My Original Answer: $$ \frac{1}{3} \ln (x+2)^3+\frac{1}{2}\left[\ln x-\ln \left(x^2+3 x+2\right)^2\right] \\=\ln \left[(x+2)^3\right]^{1 / 3}+\frac{1}{2} \ln\left(\frac{x}{\left(x^2+3x+2\right)^2}\right) \\=\ln(x+2)+\ln\left(\frac{\sqrt{x}}{x^2+3 x+2}\right) \\=\ln \frac{(x+2) \sqrt{x}}{(x+1)(x+2)}=\ln \frac{\sqrt{x}}{x+1} . $$
How the TA made me solve it:
$$\frac{1}{3} \ln (x+2)^3+\frac{1}{2}\left[\ln x-\ln \left(x^2+3 x+2\right)^2\right]$$ $$ \begin{aligned} & \ln (x+2)^3+\frac{1}{2}\ln \left(\frac{x}{\left(x^2+3 x+2\right)^2}\right) \\ & \ln (x+2)^3+\ln \left(\sqrt{\frac{x}{\left(x^2+3 x+2\right)^2}}\right) \end{aligned} $$ $$\ln \left[(x+2)^3 \cdot \frac{\sqrt{x}}{\left|x^2+3 x+2\right|}\right] \\\Rightarrow \ln \left(\frac{\sqrt{x}(x+2)^3}{|(x+2)(x+1)|}\right)$$
Your solution seems correct to me .
The second solution contains some mistake and missing points .

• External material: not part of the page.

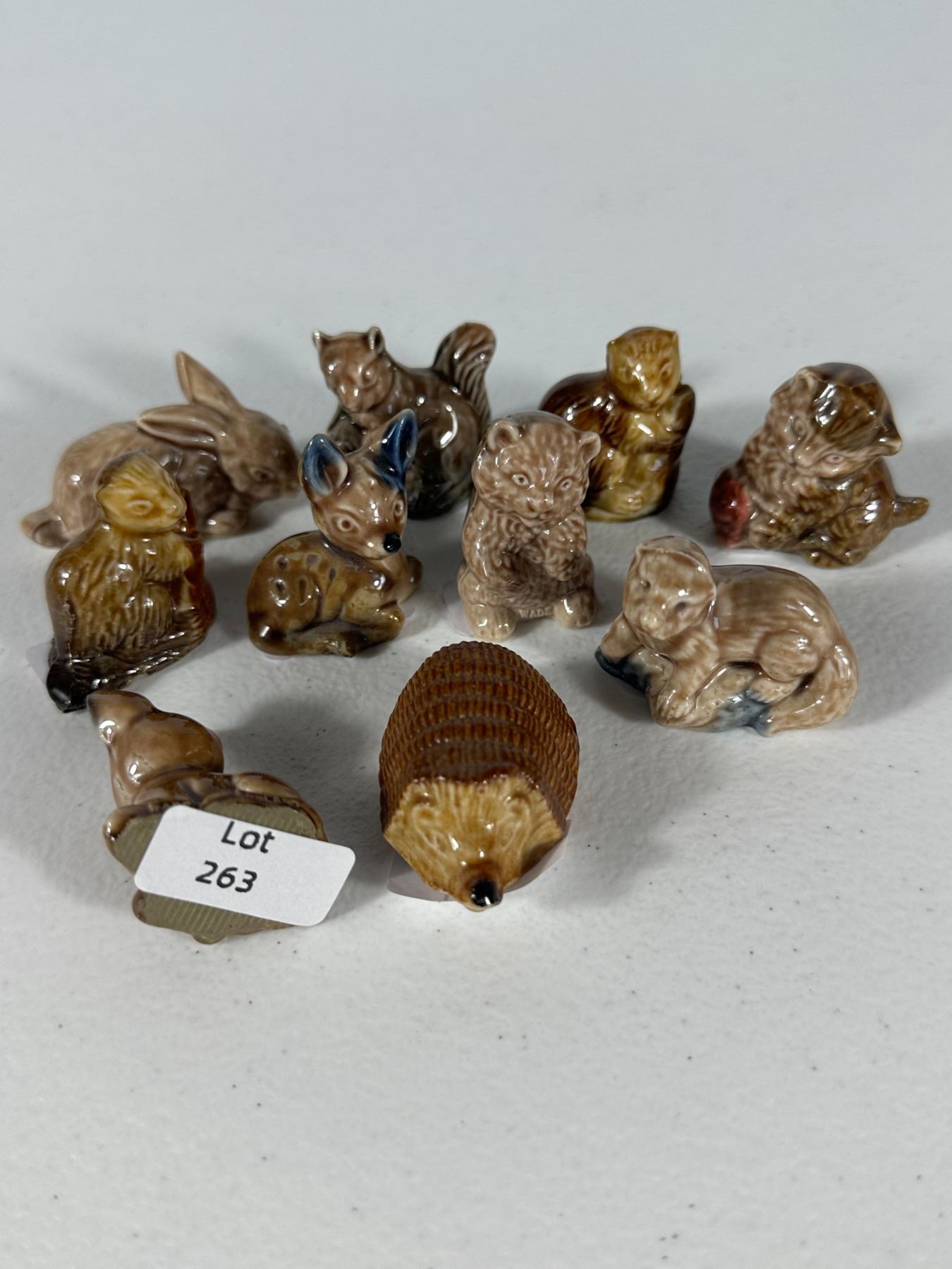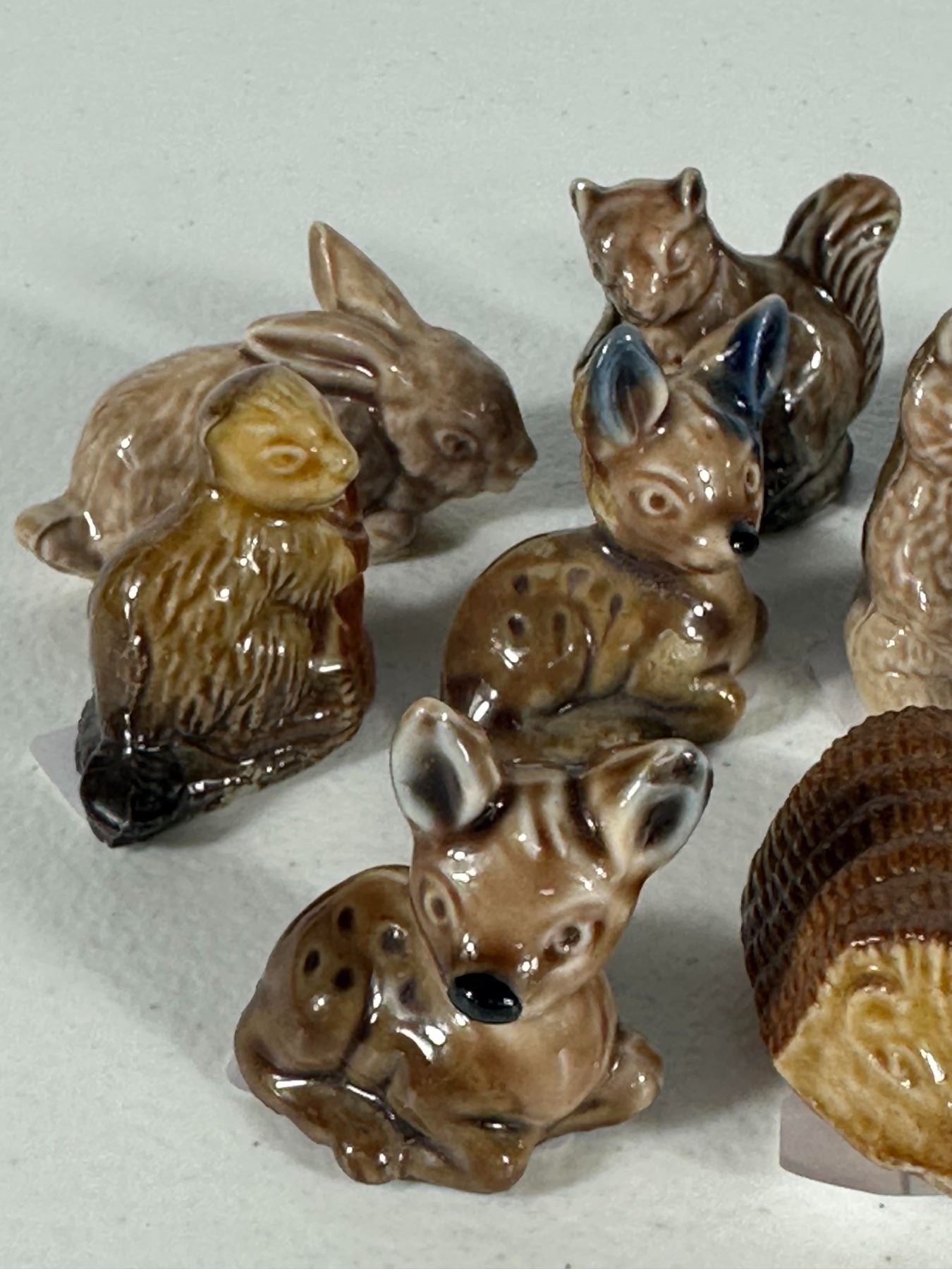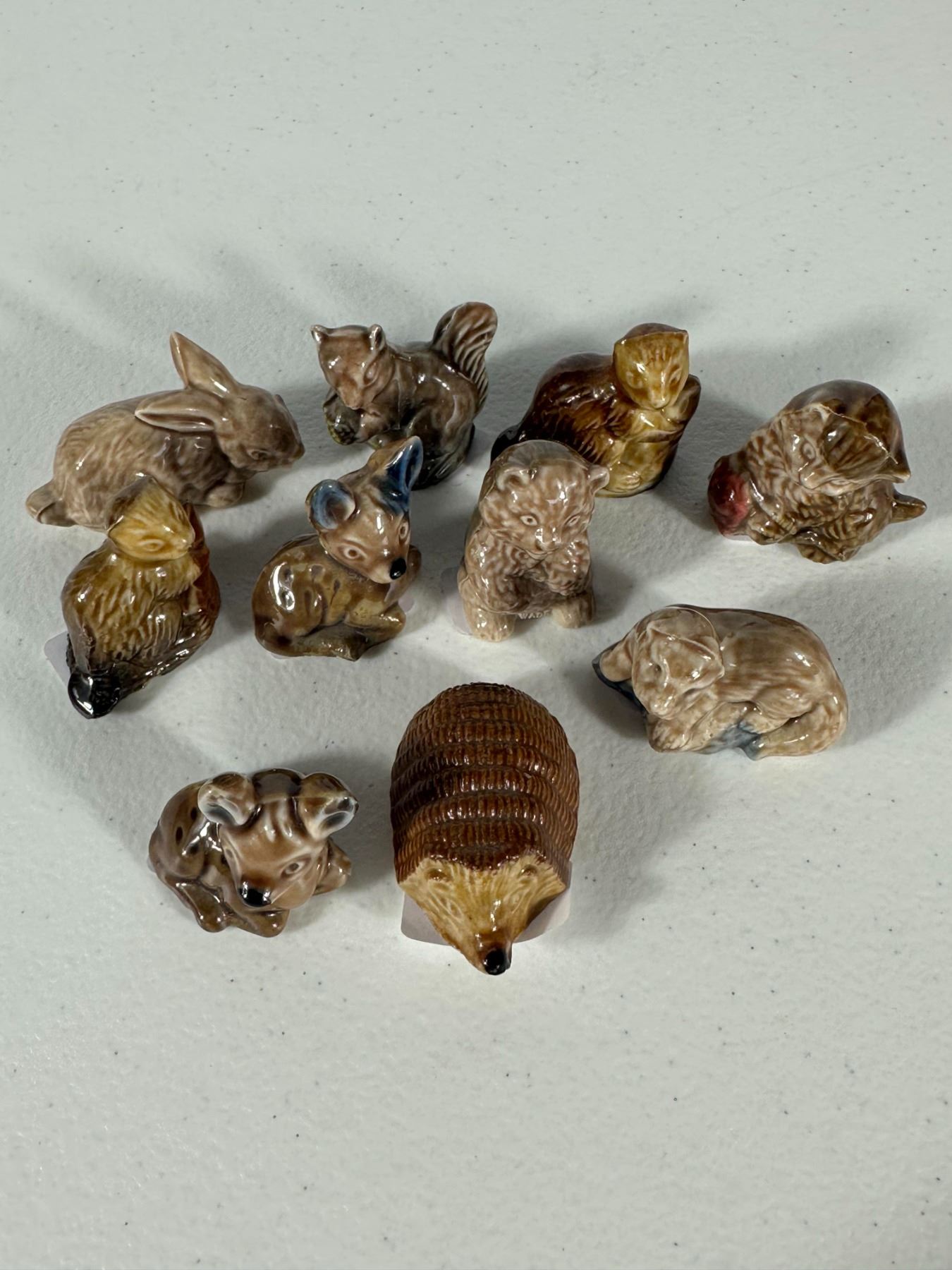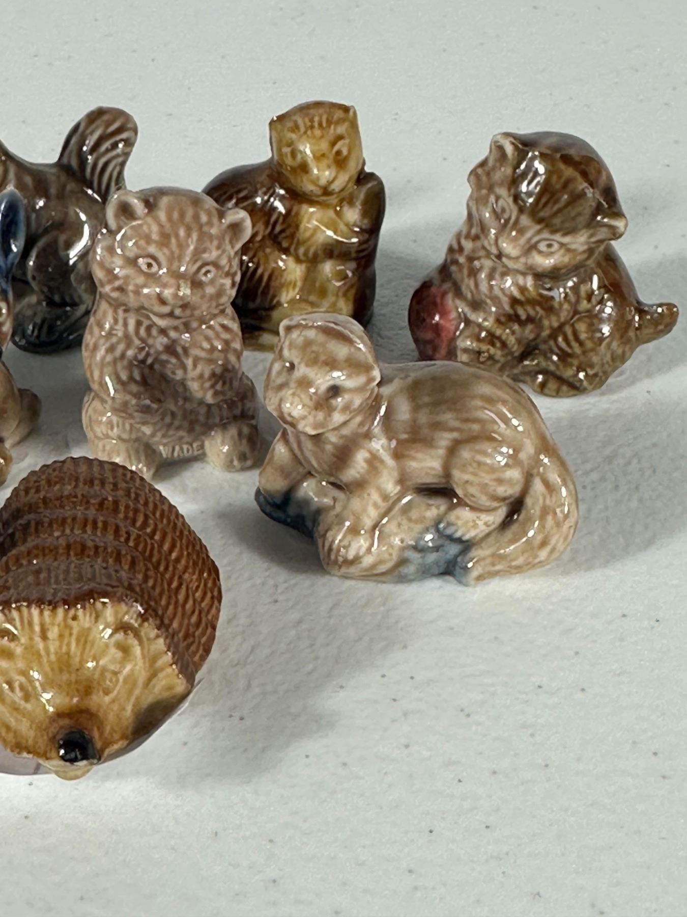 Group of vintage Wade Whimsies porcelain figurines featuring woodland animals including hedgehog, rabbit, fox, squirrel, and other small creatures. Hand-painted glazed porcelain miniatures, detailed and charming. Popular collectible series.

The remarkable point here is that, the original domains may change when simplifying logarithms . Therefore, when applying logarithm rules, we generally have to be careful with domains .
We observe that, the original expression includes $\ln x$ . This forces that, we have $x>0$ . This implies that, $x+2>0$ and $x^2+3x+2>0$ or equivalently, $x+1>0$ or $x+2>0$ .
Therefore, we have :
$$ \begin{align}\frac 13\ln (x+2)^3&=3\cdot \frac 13 \ln (x+2)\\&=\ln (x+2)\end{align} $$
and $\require{cancel}$
$$ \begin{align}\ln \frac{\cancel{(x+2)}\sqrt{x}}{(x+1)\cancel{(x+2)}}=\ln \frac{\sqrt{x}}{x+1}\end{align} $$
and
$$ \begin{align}\sqrt \frac{x}{(x^2+3x+2)^2}=\frac {\sqrt x}{(x+1)(x+2)}\end{align} $$
Thus, we do not need to take absolute value here .
As a final note, we see that both original and simplified logarithms have exactly the same domains .